■ **Material for this task**
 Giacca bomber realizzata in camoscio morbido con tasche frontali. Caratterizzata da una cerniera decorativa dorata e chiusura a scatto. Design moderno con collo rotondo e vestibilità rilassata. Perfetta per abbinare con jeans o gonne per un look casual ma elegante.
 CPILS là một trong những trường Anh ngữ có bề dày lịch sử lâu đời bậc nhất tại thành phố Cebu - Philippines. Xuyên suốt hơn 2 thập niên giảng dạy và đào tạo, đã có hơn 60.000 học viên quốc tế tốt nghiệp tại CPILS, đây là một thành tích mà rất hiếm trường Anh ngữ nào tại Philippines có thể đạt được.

* * *

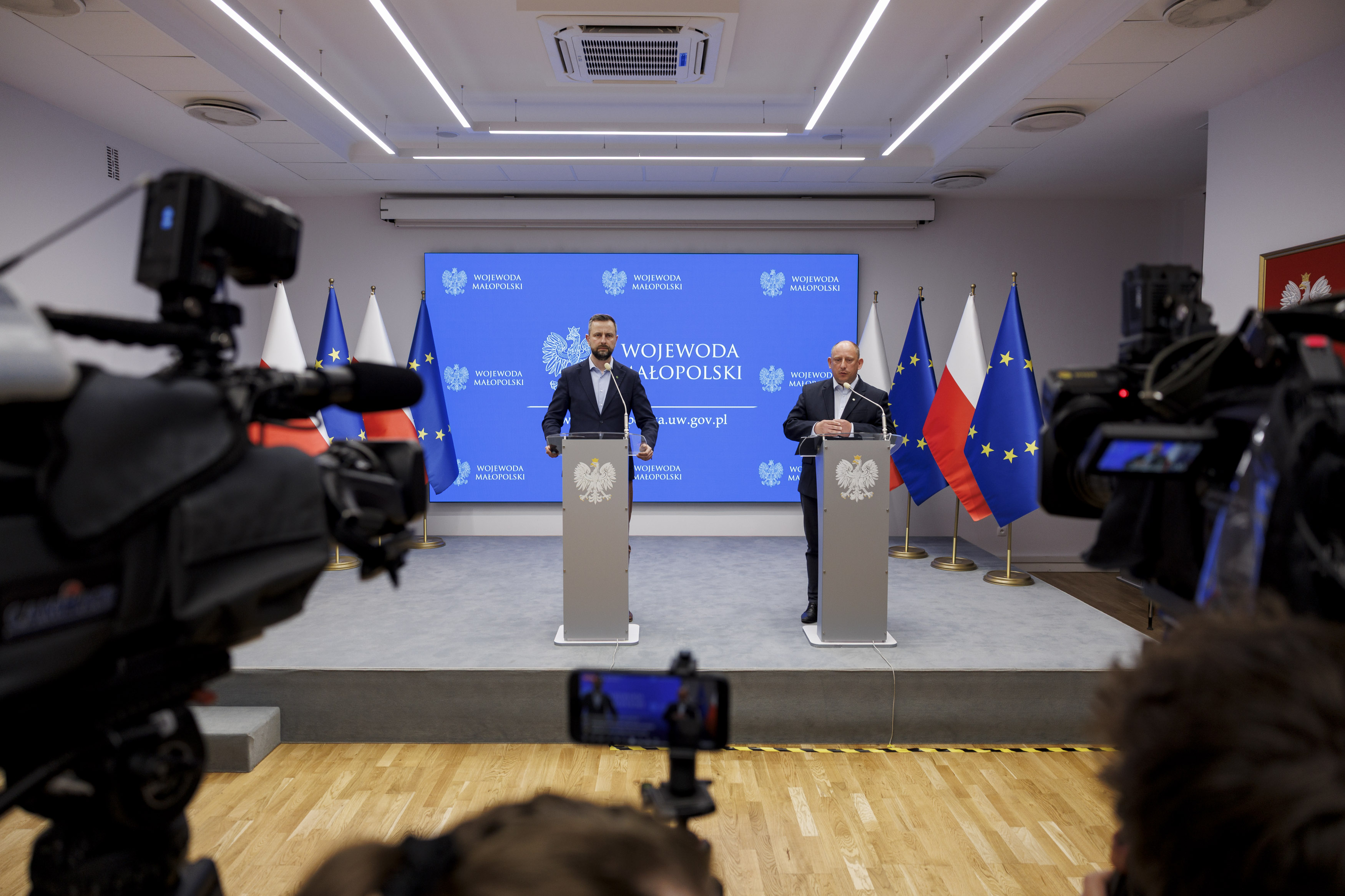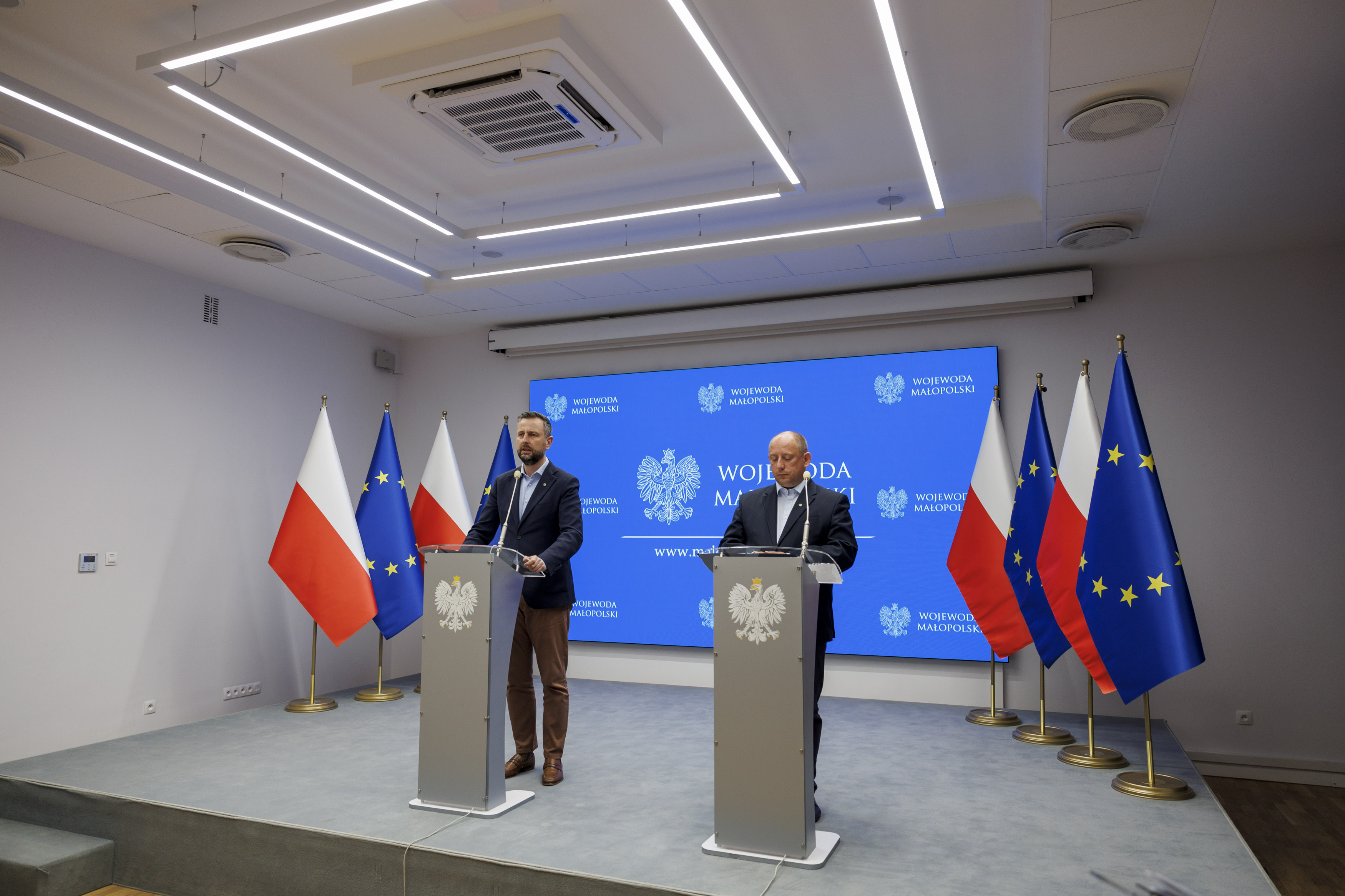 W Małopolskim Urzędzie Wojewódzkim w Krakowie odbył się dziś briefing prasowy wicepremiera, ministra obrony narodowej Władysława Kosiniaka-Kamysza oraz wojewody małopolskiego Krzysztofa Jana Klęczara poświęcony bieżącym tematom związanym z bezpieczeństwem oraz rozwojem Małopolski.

...

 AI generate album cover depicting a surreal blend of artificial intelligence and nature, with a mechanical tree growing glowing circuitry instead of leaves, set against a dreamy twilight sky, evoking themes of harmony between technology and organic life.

■ **Action item**
What do the lines above say from the one containing "Giacca bomber realizzata" down to the one containing "CPILS là một"? Return them exactly, both end lines included, and only them.

■ **Exercise output**
 Giacca bomber realizzata in camoscio morbido con tasche frontali. Caratterizzata da una cerniera decorativa dorata e chiusura a scatto. Design moderno con collo rotondo e vestibilità rilassata. Perfetta per abbinare con jeans o gonne per un look casual ma elegante.
 CPILS là một trong những trường Anh ngữ có bề dày lịch sử lâu đời bậc nhất tại thành phố Cebu - Philippines. Xuyên suốt hơn 2 thập niên giảng dạy và đào tạo, đã có hơn 60.000 học viên quốc tế tốt nghiệp tại CPILS, đây là một thành tích mà rất hiếm trường Anh ngữ nào tại Philippines có thể đạt được.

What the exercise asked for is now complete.